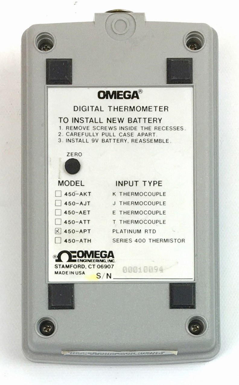 The Omega 450 APT digital thermometer is a hand-held, battery operated digital temperature indicators configured for compatibility with a platinum RTD transducer (NOT included). The unit linearizes the analog output from the transducer to produce a stable and accurate digital temperature display. Plug-in type input connectors are used for the transducer input to provide quick connect and disconnect capability. The indicator functions are controlled by the keyboard. The liquid crystal display exhibits the value of the measurement, degrees Fahrenheit or Celsius, and the low battery voltage indication.
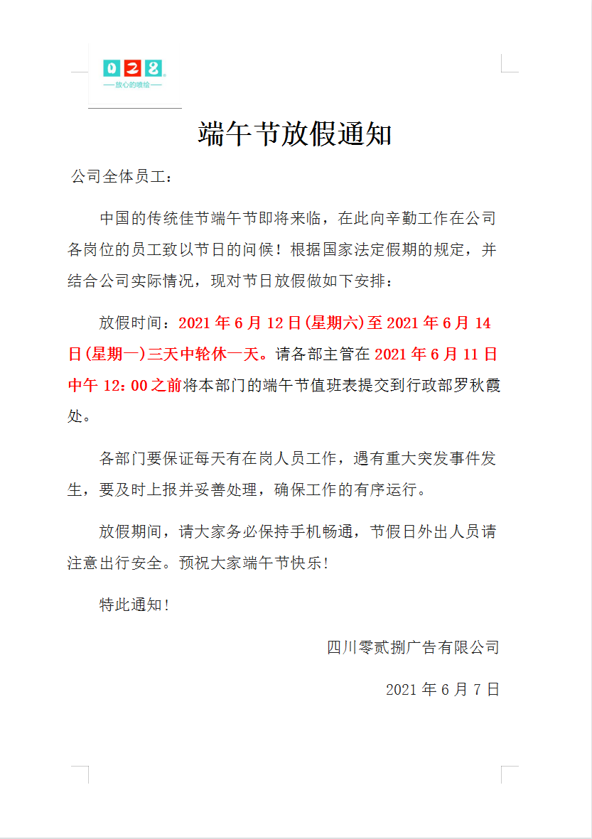 放假時(shí)間:2021年6月12日(星期六)至2021年6月14日(星期一)三天中輪休一天。請(qǐng)各部主管在2021年6月11日中午12:00之前將本部門的端午節(jié)值班表提交到行政部羅秋霞處。各部門要保證每天有在崗人員工作,遇有重大突發(fā)事件發(fā)生,要及時(shí)上報(bào)并妥善處理,確保工作的有序運(yùn)行。放假期間,請(qǐng)大家務(wù)必保持手機(jī)暢通,節(jié)假日外出人員請(qǐng)注意出行安全預(yù)祝大家端午節(jié)快樂!
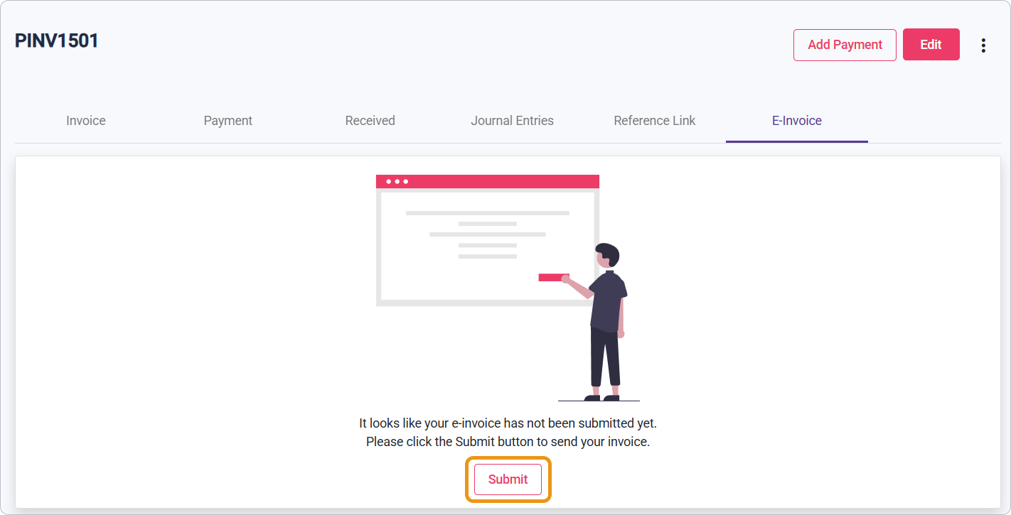(If Auto Submit to E-Invoice is enabled, this will not appear. If you see this, please wait for a few seconds and refresh.)
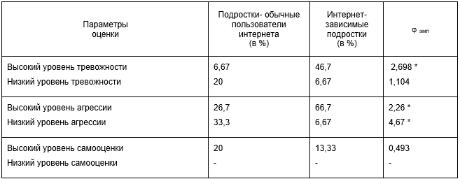 Из таблицы 3 видно, что значимы различия между группами подростков по трём из шести параметров: высокий уровень тревожности, высокий и низкий уровень агрессии. Среди подростков зависимых от интернета значительно больше тревожных и агрессивных, в то время как подросткам – обычным пользователям интернета свойственен низкий уровень агрессии. Подытоживая полученные результаты, констатируем, что у подростков с интернет-зависимостью преобладают следующие психологические особенности личности:
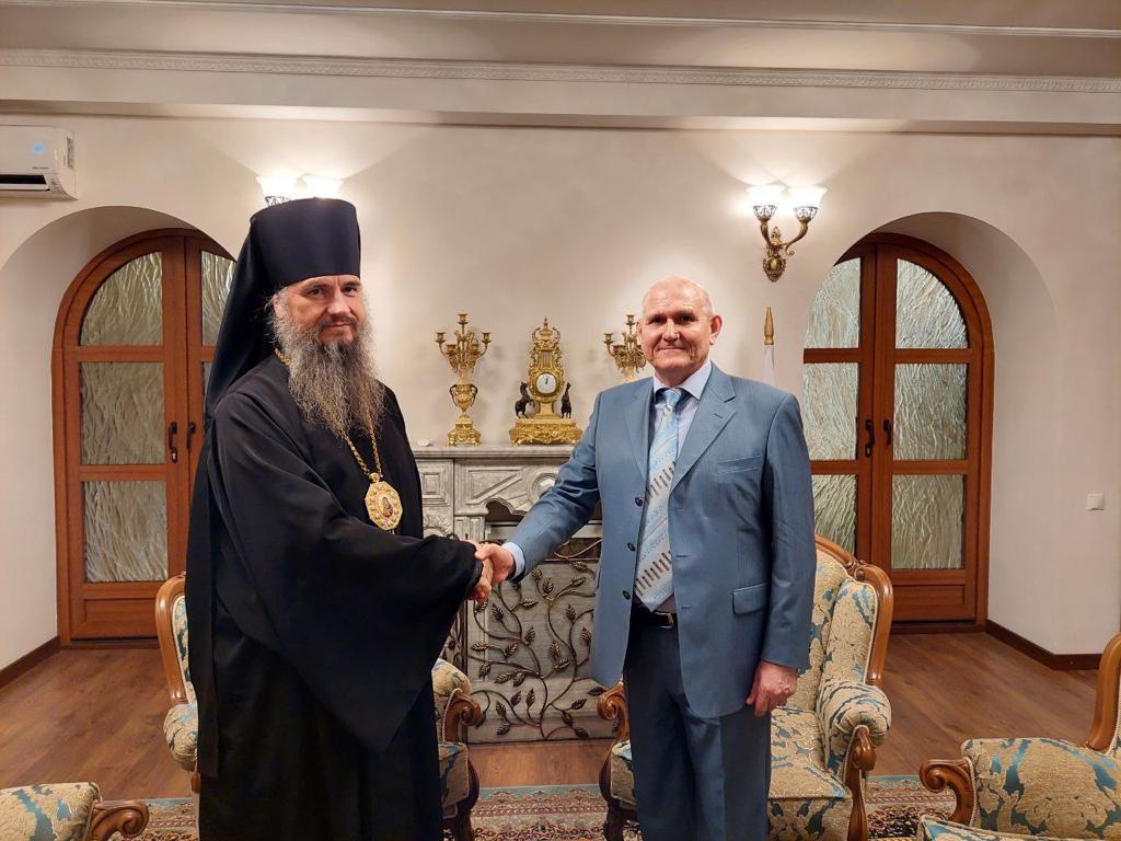13 июня 2022 года, в Посольстве России состоялась встреча епископа Савватия с Чрезвычайным и Полномочным Послом Российской Федерации в Кыргызстане Н.Н.Удовиченко.

◆ ◆ ◆

§ Your assignment:
Each entry, word for word, belongs in your answer; each picture does not.

§ Response for this exercise:
 The Omega 450 APT digital thermometer is a hand-held, battery operated digital temperature indicators configured for compatibility with a platinum RTD transducer (NOT included). The unit linearizes the analog output from the transducer to produce a stable and accurate digital temperature display. Plug-in type input connectors are used for the transducer input to provide quick connect and disconnect capability. The indicator functions are controlled by the keyboard. The liquid crystal display exhibits the value of the measurement, degrees Fahrenheit or Celsius, and the low battery voltage indication.
 放假時(shí)間:2021年6月12日(星期六)至2021年6月14日(星期一)三天中輪休一天。請(qǐng)各部主管在2021年6月11日中午12:00之前將本部門的端午節(jié)值班表提交到行政部羅秋霞處。各部門要保證每天有在崗人員工作,遇有重大突發(fā)事件發(fā)生,要及時(shí)上報(bào)并妥善處理,確保工作的有序運(yùn)行。放假期間,請(qǐng)大家務(wù)必保持手機(jī)暢通,節(jié)假日外出人員請(qǐng)注意出行安全預(yù)祝大家端午節(jié)快樂!
(If Auto Submit to E-Invoice is enabled, this will not appear. If you see this, please wait for a few seconds and refresh.)
 Из таблицы 3 видно, что значимы различия между группами подростков по трём из шести параметров: высокий уровень тревожности, высокий и низкий уровень агрессии. Среди подростков зависимых от интернета значительно больше тревожных и агрессивных, в то время как подросткам – обычным пользователям интернета свойственен низкий уровень агрессии. Подытоживая полученные результаты, констатируем, что у подростков с интернет-зависимостью преобладают следующие психологические особенности личности:
13 июня 2022 года, в Посольстве России состоялась встреча епископа Савватия с Чрезвычайным и Полномочным Послом Российской Федерации в Кыргызстане Н.Н.Удовиченко.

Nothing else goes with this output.